With the exception of the pictures, transcribe the entire listing exactly.

• _Source data_
###

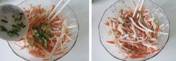 2、加入适量的面粉增加饼的粘性,无须加入水,盐腌制过后会出些汁,足够了;如果加多水加多面粉的话,那么煎出来的饼就没有那么酥脆了;
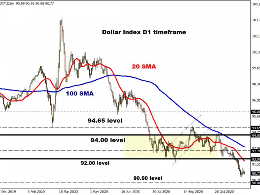 观察美元指数,空头仍在掌控之中,在91.00以下持续走弱,将打开通往90.00的通道。
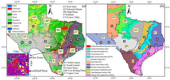 (a) Climate zones and their corresponding land-use, and (b) ecological regions and climate zones in the study area. White crosses are the locations of ten select Soil Moisture Active Passive (SMAP) grids. The inset figure (9 km × 9 km, not in scale) is a selected SMAP grid, covering Prairie View A&M University (PVAMU) research farm, to evaluate SMAP Gross Primary Productivity (GPP) and Net Ecosystem Exchange (NEE).
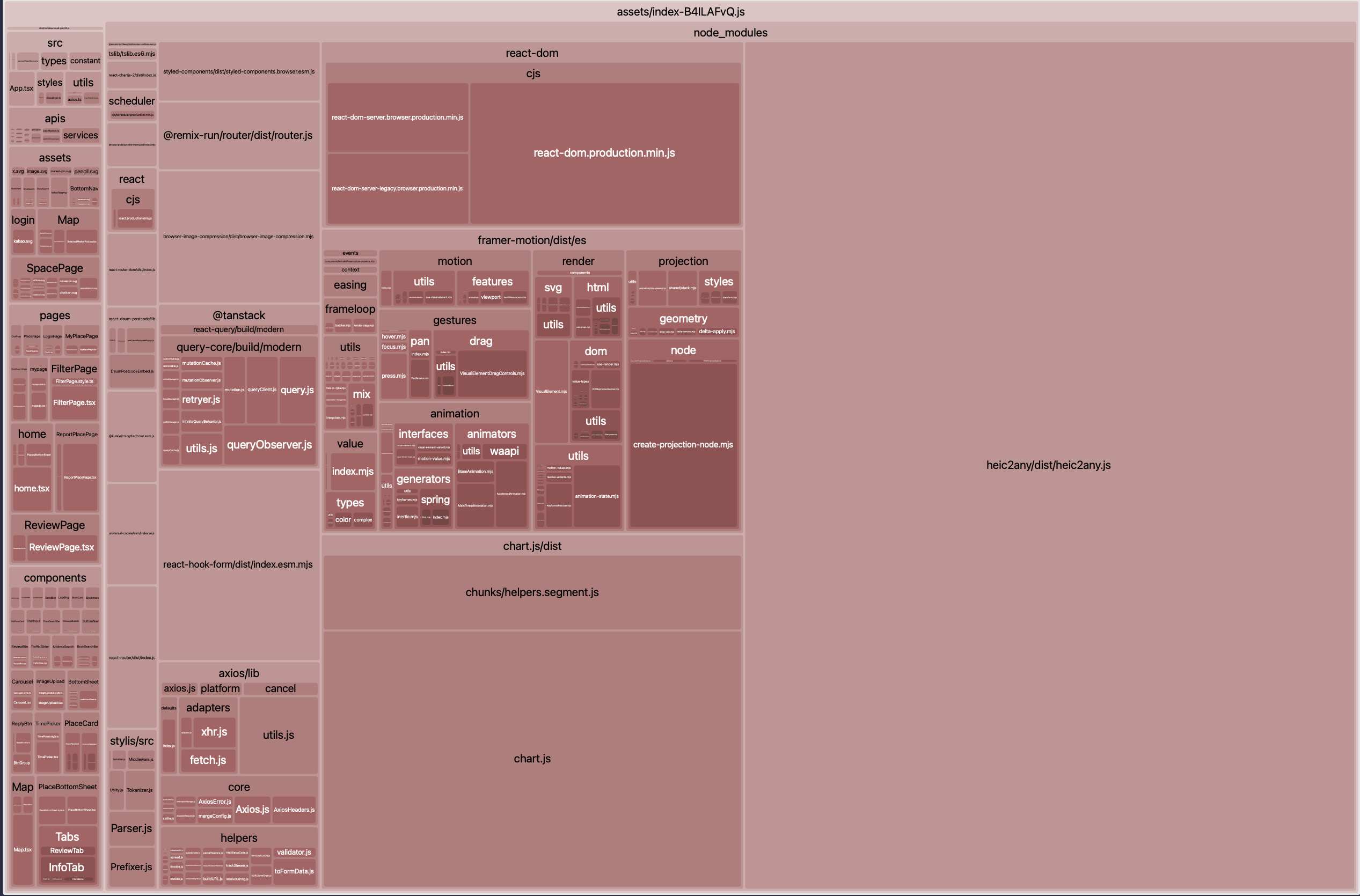 최적화에 앞서 현재 상태를 정확히 파악하기 위해 `vite-bundle-visualizer`를 사용했다.

###

• _Expected output_
 2、加入适量的面粉增加饼的粘性,无须加入水,盐腌制过后会出些汁,足够了;如果加多水加多面粉的话,那么煎出来的饼就没有那么酥脆了;
 观察美元指数,空头仍在掌控之中,在91.00以下持续走弱,将打开通往90.00的通道。
 (a) Climate zones and their corresponding land-use, and (b) ecological regions and climate zones in the study area. White crosses are the locations of ten select Soil Moisture Active Passive (SMAP) grids. The inset figure (9 km × 9 km, not in scale) is a selected SMAP grid, covering Prairie View A&M University (PVAMU) research farm, to evaluate SMAP Gross Primary Productivity (GPP) and Net Ecosystem Exchange (NEE).
 최적화에 앞서 현재 상태를 정확히 파악하기 위해 `vite-bundle-visualizer`를 사용했다.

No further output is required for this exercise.